FYI...the statement the MSM has been making:

On July 18, 2003, the administration, facing criticism for the intelligence used to justify the war, declassified an eight-page part of the NIE dubbed "key judgments" and conducted a lengthy background briefing with reporters to discuss it.

“Key judgments" is the operative word here. They were declassified by Tenet in October of 2002, six days after the NIE was complete per the following information:
On October 7, 2002 DCI Tenet sent a letter to the Senate Intelligence Committee declassifying portions of its new National Intelligence Estimate on Iraq.

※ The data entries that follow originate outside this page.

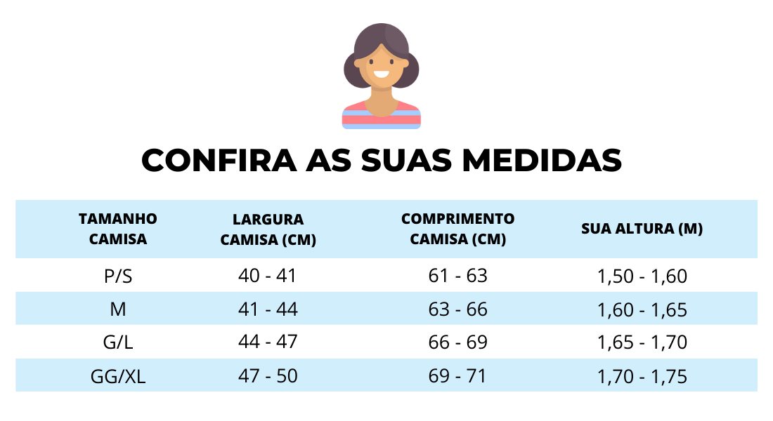Considere adquirir um tamanho maior caso deseje um caimento mais solto.
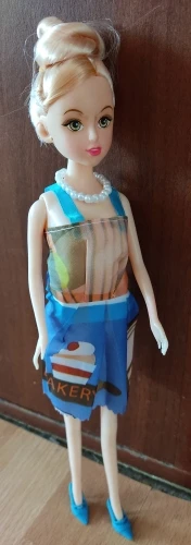 Он прибыл быстро, качество довольно плохое, потому что это пластиковая ткань, но по цене этого достаточно, чтобы дети могли играть. Приходят много платьев и обуви, которые можно комбинировать.
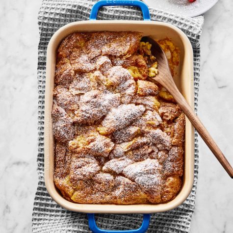 Bake until the pudding is golden and a knife inserted into the center comes out clean, 50 to 55 minutes. Serves 6 to 8.
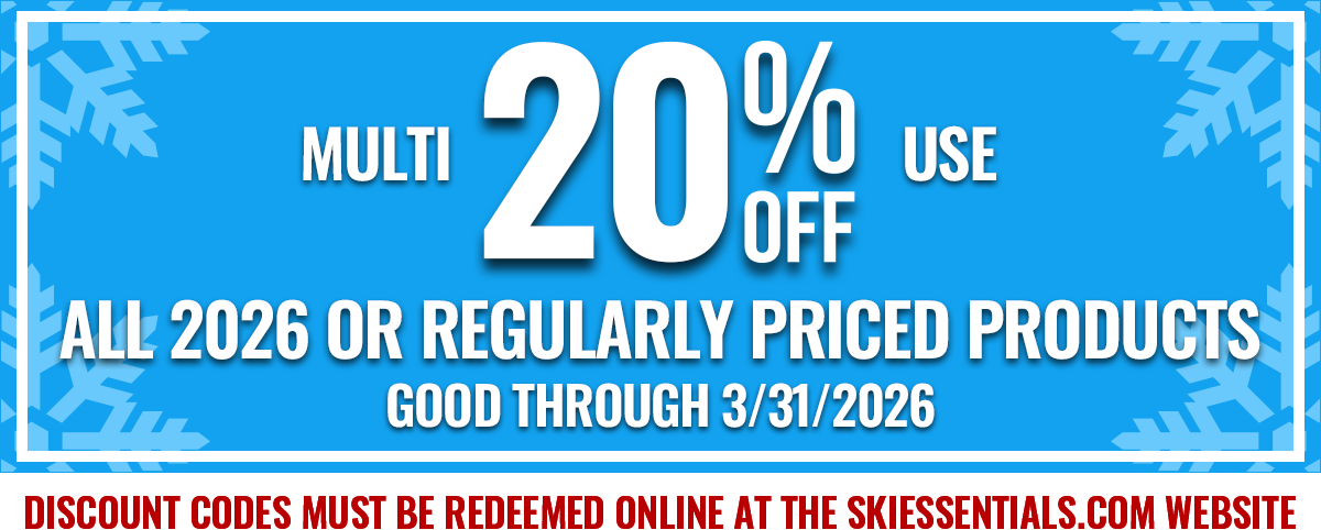 The following coupon code can only be used online at SkiEssentials.com for any 2026 or regularly priced products. The discount will automatically apply to all qualifying items your cart however they cannot be stacked with any other specials they may offer. The coupon is limited to 5 uses.
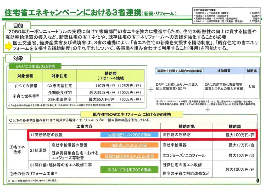 国の省エネ化支援による補助金事業【先進的窓リノベ2026事業】の速報内容が発表されました。

Sen. Carl Levin News Release

Another article:

A 25-page version of the National Intelligence Estimate on Iraq's weapons of mass destruction was released in October 2002. It made clear-cut statements about Iraq's nuclear, biological and chemical weapons capabilities in two pages of "Key Judgments."

Source

A copy of the Key Judgments document can be found here. Warning: .pdf file.

As usual, the MSM gets it wrong. More info I just found:

The American people needed to know these reservations, and I requested that an unclassified, public version of the NIE be prepared. On Oct. 4, Tenet presented a 25-page document titled "Iraq's Weapons of Mass Destruction Programs." - Statement of Sen. Bob Graham (D-FL).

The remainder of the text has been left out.